Hambruna de 1930-1933 en las estepas. Nunca se lo pregunté a Yefim. Creo
que él y su familia fueron forzados a trasladarse allí desde Bielorrusia poco
antes de la guerra, a la hermosa, así sea ilusoriamente, Pavlodar, tierra de
huertos de manzana. Prometí a Yefim ir con él allí un día. Recuerdo su alegría
cuando llegó a Denver su esposa, ingeniero de profesión, que luego de unos
meses lo abandonó y retornó a su ciudad. Yefim no vivía en las mejores
condiciones en la Pequeña Rusia, barrio denverita. Con presupuesto limitado
poco podía ofrecer a la mujer. Sobre todo si ella poseía en la estepa, que
retuvo a Trotsky y a Dostoievski, un patio con árboles frutales y vecinos con
quienes chismear. Estados Unidos es lugar difícil. La gente vive aislada. Las
minorías sobreviven y progresan porque no se desvinculan de sus tradiciones
familiares. Muchos retornan, como yo. El norteamericano común, el que
masivamente votó por el delincuente Trump, vive martirizado por la precariedad
de su existencia, la droga, el alcohol, soledad y falta de afecto. Armas de
fuego alrededor, como quizá única salida a sus frustraciones. Vivir en miedo,
además, miedo del otro, la muerte y las enfermedades. Carente de estructura que
le permita continuar sin enloquecer. Sugiero ver el filme Fray (Geoff Ryan, 2014).

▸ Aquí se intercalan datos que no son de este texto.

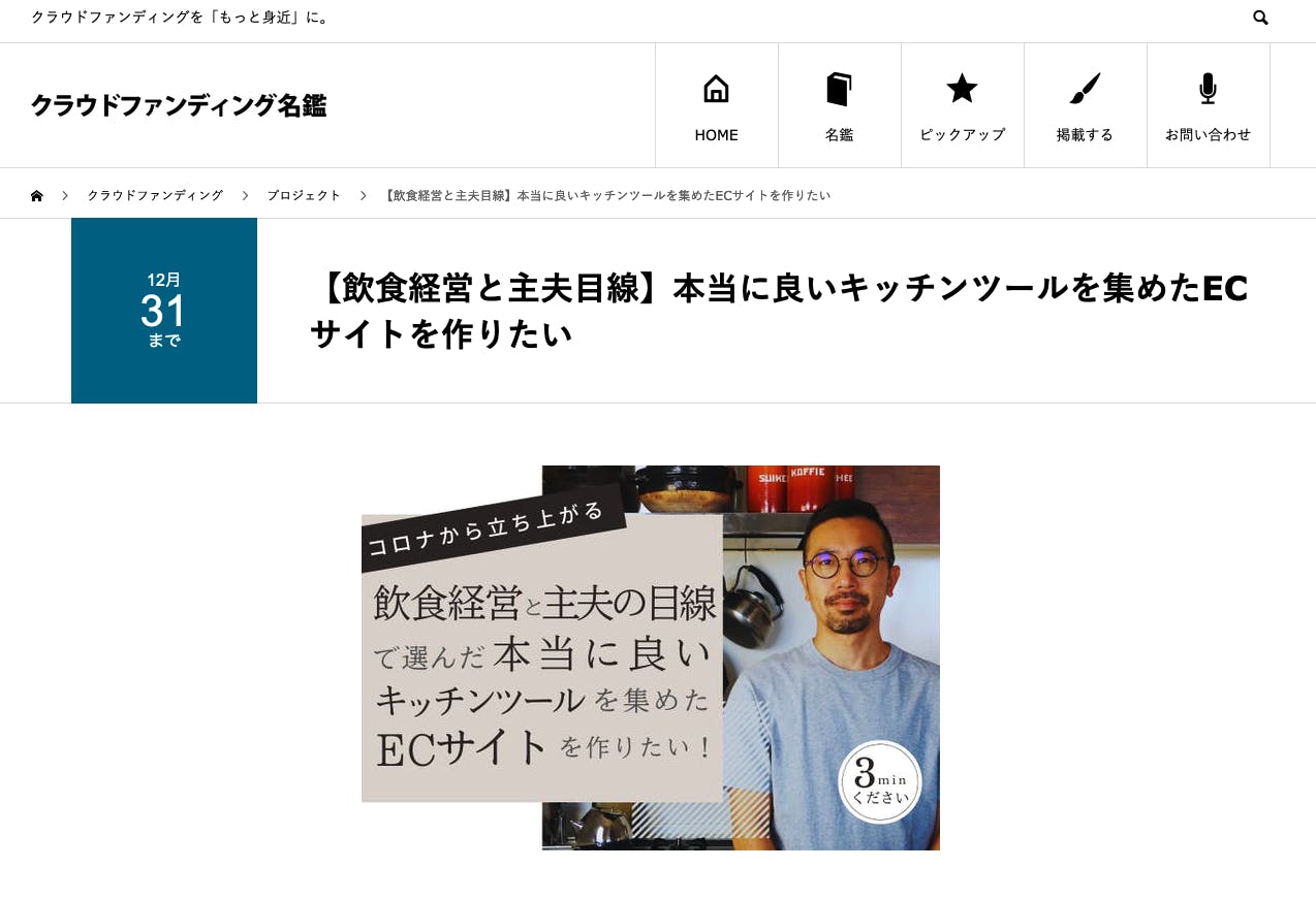 借入金の短期巨額返済から立ち上がり、キッチンツールを販売するECサイトの構築のための運営資金にぜひお力添えをお願いいたします!
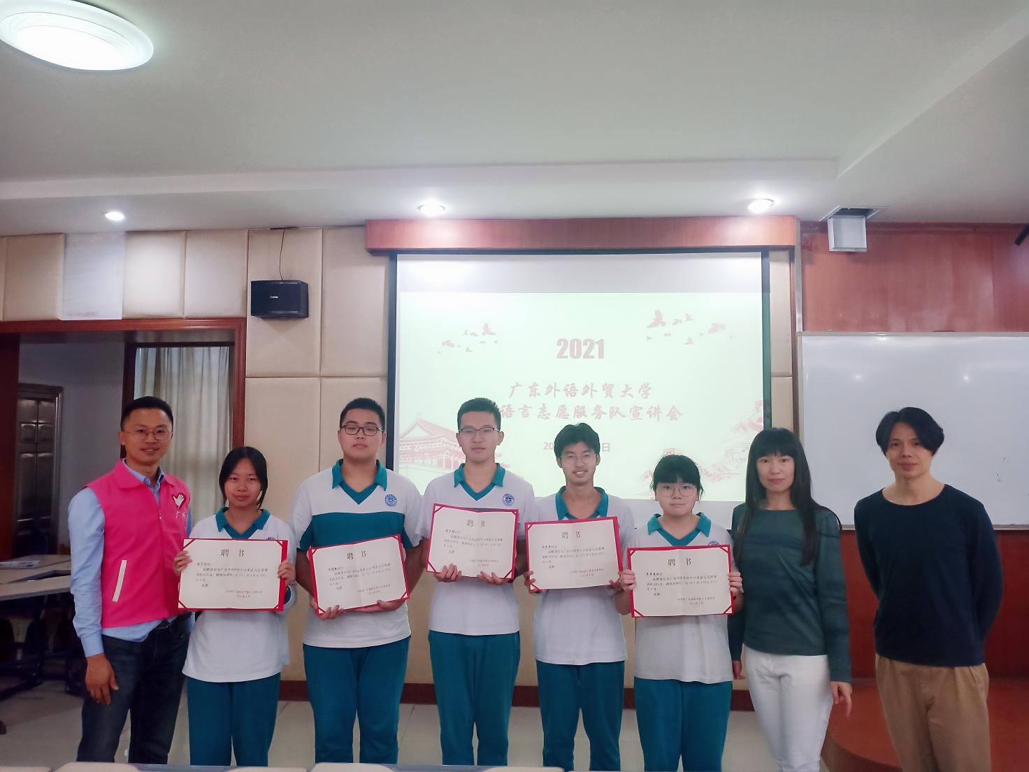 为深入弘扬志愿精神和宣传多语言志愿服务队事迹,现场还举行了多语言志愿服务队宣传员聘请仪式,聘请晏展希、张子扬、林宁、张书恒、项博凯5名同学为广外大多语言志愿服务团队宣传员,希望同学们能在日常的学习生活中除了积极投身志愿服务之外,争做志愿服务的宣传者。
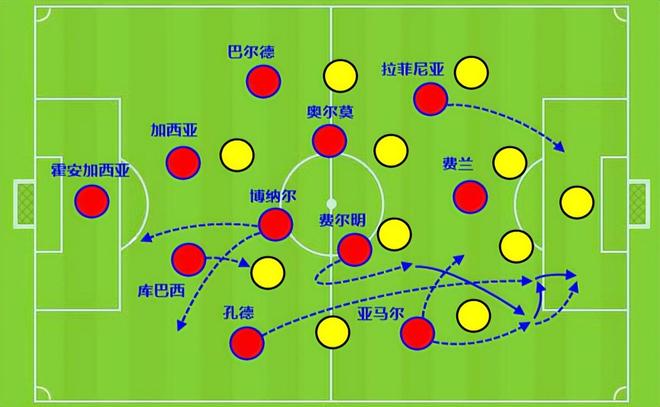 因为他的跑位,让亚马尔有更多的出球选择,既可以考虑传球,也能内切或者突破到禁区后自己攻击球门。
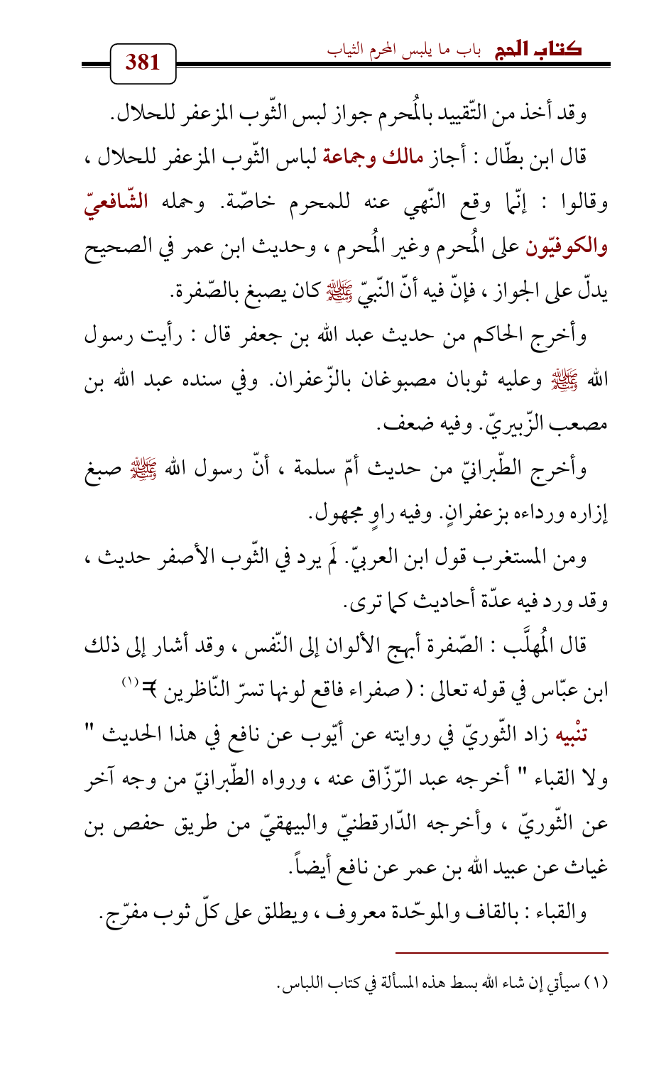 قال ابن بطّال: أجاز مالك وجماعة لباس الثّوب المزعفر للحلال , وقالوا: إنّما وقع النّهي عنه للمحرم خاصّة. وحمله الشّافعيّ والكوفيّون على المُحرم وغير المُحرم، وحديث ابن عمر في الصحيح يدلّ على الجواز، فإنّ فيه أنّ النّبيّ - صلى الله عليه وسلم - كان يصبغ بالصّفرة.
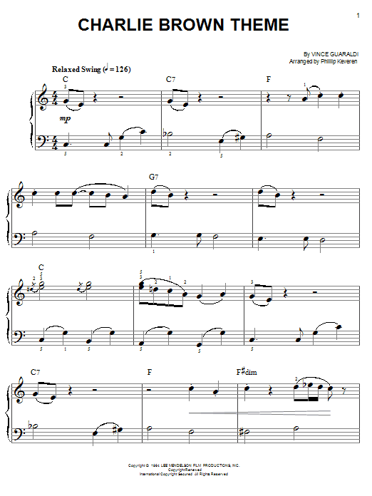 Download or print Vince Guaraldi Charlie Brown Theme (arr. Phillip Keveren) sheet music, chords and digital score arranged for Piano Solo. This Children score includes 3 page(s).
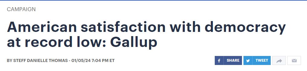 這項民調(diào)結(jié)果公布之時,正值“國會山騷亂”事件三周年之際,美國也迎來新的選舉年。《國會山報》網(wǎng)站在6日的報道中再次提到,目前美國出現(xiàn)了一系列與民主狀況有關(guān)的令人不安的跡象。
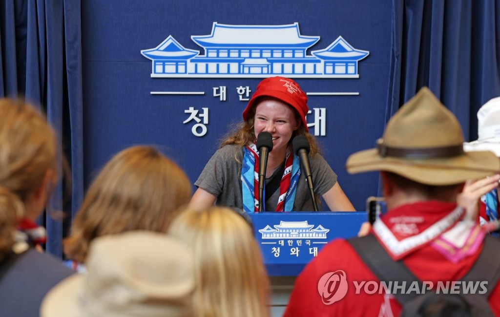 (서울=연합뉴스) 박상돈 기자 = 문화체육관광부와 한국관광공사는 9일 새만금 세계스카우트 잼버리 대회에 참가한 덴마크와 노르웨이 스카우트 대원들이 한국관광홍보관과 청와대를 관람했다고 밝혔다.

No le pregunté a mi amigo Yefim Schleyfer acerca del hambre. Él y su
hermano fueron dirigentes comunistas en los años 60, seguramente con privilegios
que les permitían vivir mejor. De ascendencia judía, no había olvidado su
yiddish aunque no lo hablaba con nadie. Ruso, muy pocos kazajos en Colorado
entonces. Como varios otros se desvaneció. Mi esposa lo encontró en un
supermercado y lo abrazó. No recordaba quién era ella y ni intentó comunicarse
en inglés. Lo arrebató el tiempo, el viejo de los días que da la impresión de
ser Zeus, regidor de destinos.
La bella Daniela me cuenta que en Viena, en el museo Albertina, hay una
exhibición de Chagall. Nuestro Chagall, le digo, y anota una risa mientras
envía dos cuadros del pintor. Una mujer de blusa y medias rojas, brazos echados
detrás de la cabeza, ojos que se cruzan con los de un chivo verde, un pez con
aleta que parece mano y creo una luna con pretensiones de sol. El segundo, la
figura central de un gallo rojo, la usual pareja en matrimonio, el chivo azul
violeta, Vitebsk detrás y la media luna como garfio encendido. ¿Nosotros?,
pregunto. Por supuesto, nosotros, en la boda sideral de lo onírico, cabellos
carmesíes sobre la funda de la almohada, lluvia leve a modo de sutil piano
crepuscular.
Llueve este tres de enero del año veinticinco. He abierto todas las
ventanas y una ventisca fría limpia el aire interior. Humea el café
instantáneo, extiendo mantequilla sobre el pan tortilla. Visto un chaleco de
lana, negro con hombreras de cuero claro. El Ejército Rojo decomisa el grano,
mata a los animales, les enseñaremos a amar a la Unión Soviética y al profeta
Stalin. Millones de muertos, como en Ucrania o en regiones del Volga. Más de
cien años después el mundo sigue siendo festín de oligarcas. Y la recua marcha
al arbitrio de ilusiones. Llueve, fresca brisa. Chove.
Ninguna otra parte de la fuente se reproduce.